⟨

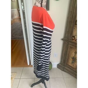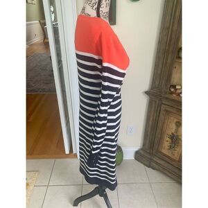 Banana Republic Stripped Navy Blue, Orange and White Dress Size Medium.
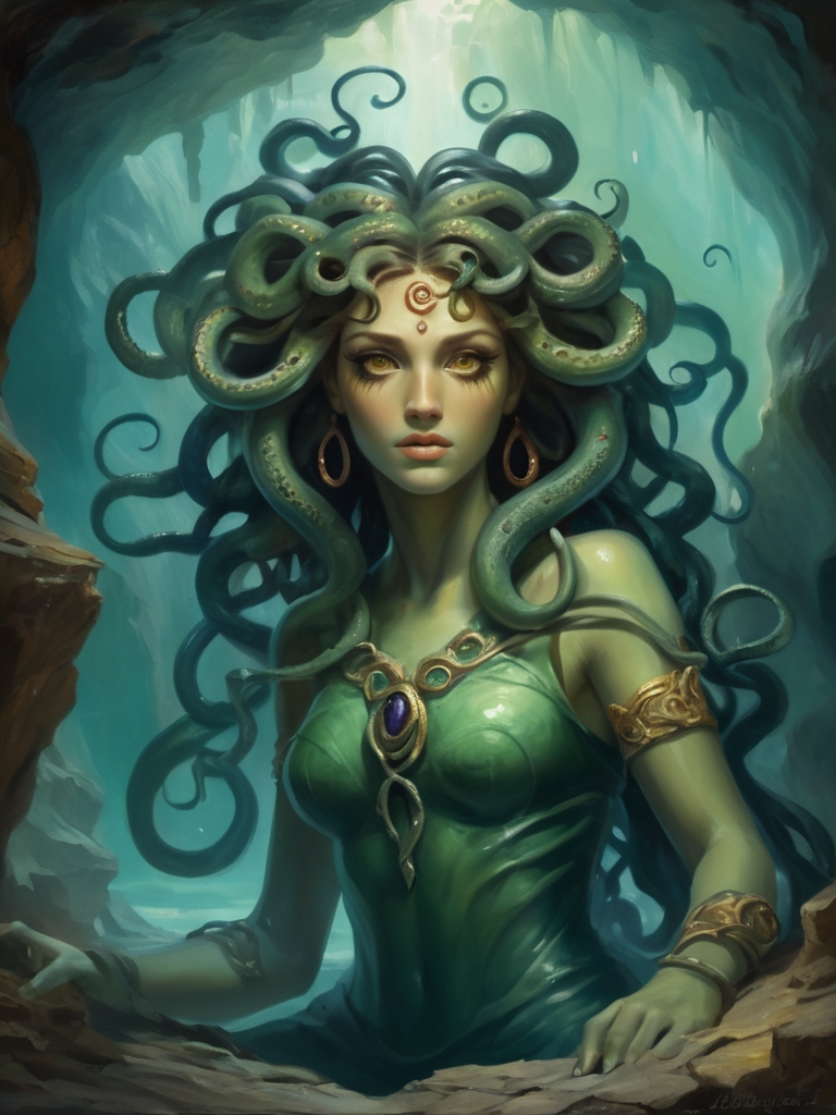 – Меня же прокляли, – усмехнулась Медуза. – Спасибо Посейдону и Афине. Но у этого проклятья есть обход… и вот он. Я на свету превращаюсь практически полностью в деву мирскую, обычную… только… эти чёртовы волосы меня выдают. Никакой магией я не обладала. А вот мои первые три дочери… от Посейдона… они – да. Именно они могут обращать людей в камень. Я пыталась их остановить… и смогла со всех нас частично снять проклятие.
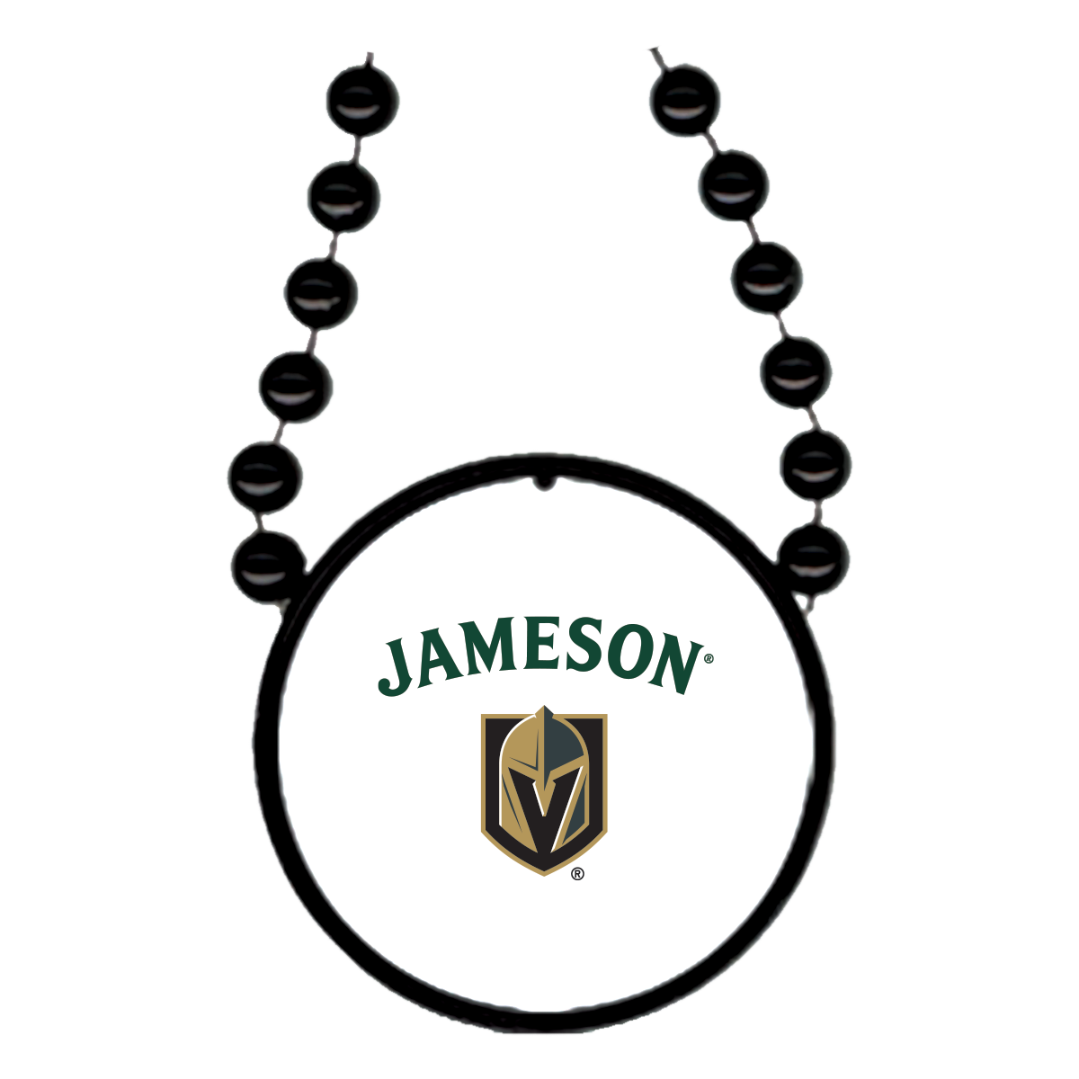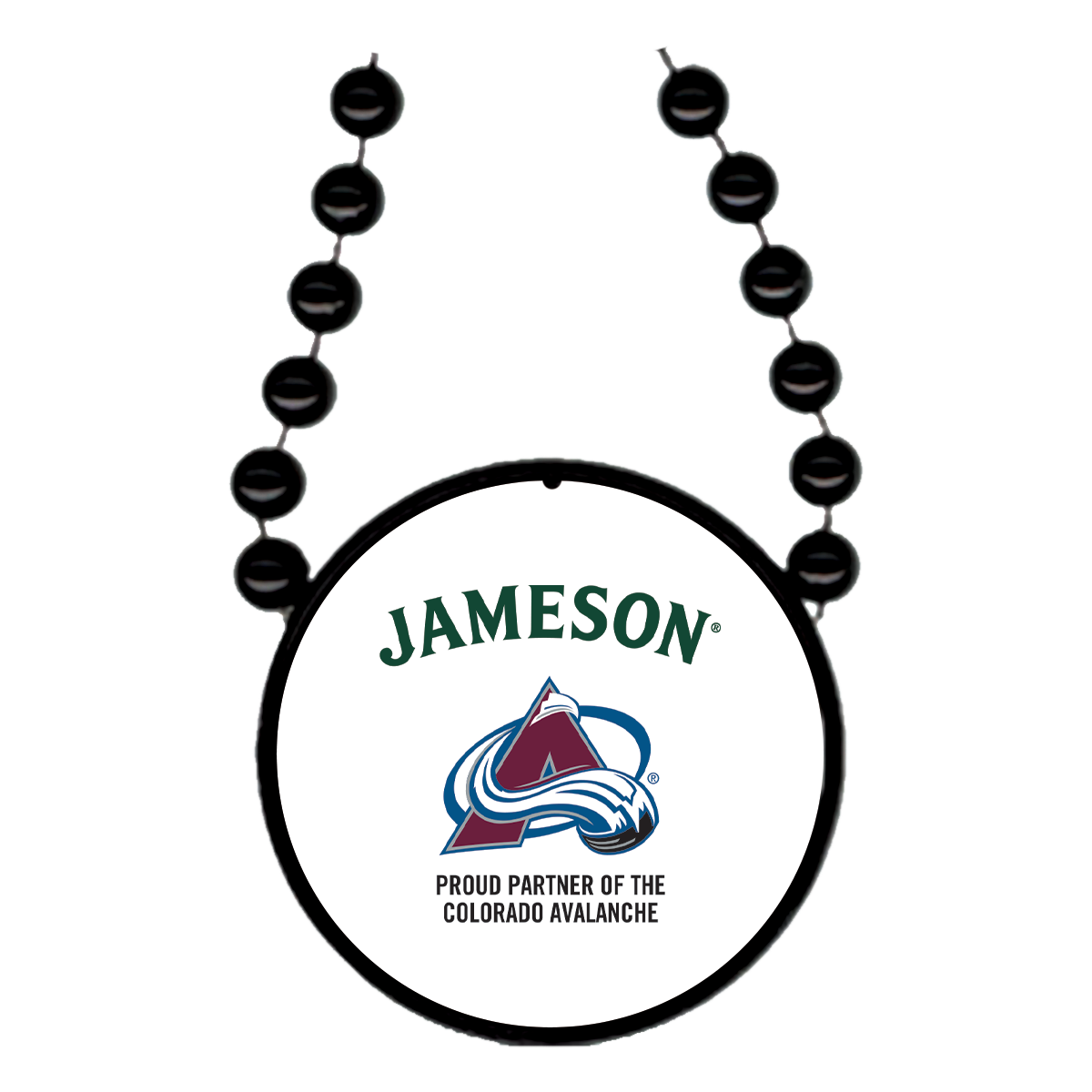 33" bead strand with 7.5mm round beads features 2.5" round inline medallion with full color digitally printed decal on one side to sport your team pride.

⟩

■ **Goal of the exercise**
Exclude the images and reproduce the remaining data exactly.

■ **Written response**
 Banana Republic Stripped Navy Blue, Orange and White Dress Size Medium.
 – Меня же прокляли, – усмехнулась Медуза. – Спасибо Посейдону и Афине. Но у этого проклятья есть обход… и вот он. Я на свету превращаюсь практически полностью в деву мирскую, обычную… только… эти чёртовы волосы меня выдают. Никакой магией я не обладала. А вот мои первые три дочери… от Посейдона… они – да. Именно они могут обращать людей в камень. Я пыталась их остановить… и смогла со всех нас частично снять проклятие.
 33" bead strand with 7.5mm round beads features 2.5" round inline medallion with full color digitally printed decal on one side to sport your team pride.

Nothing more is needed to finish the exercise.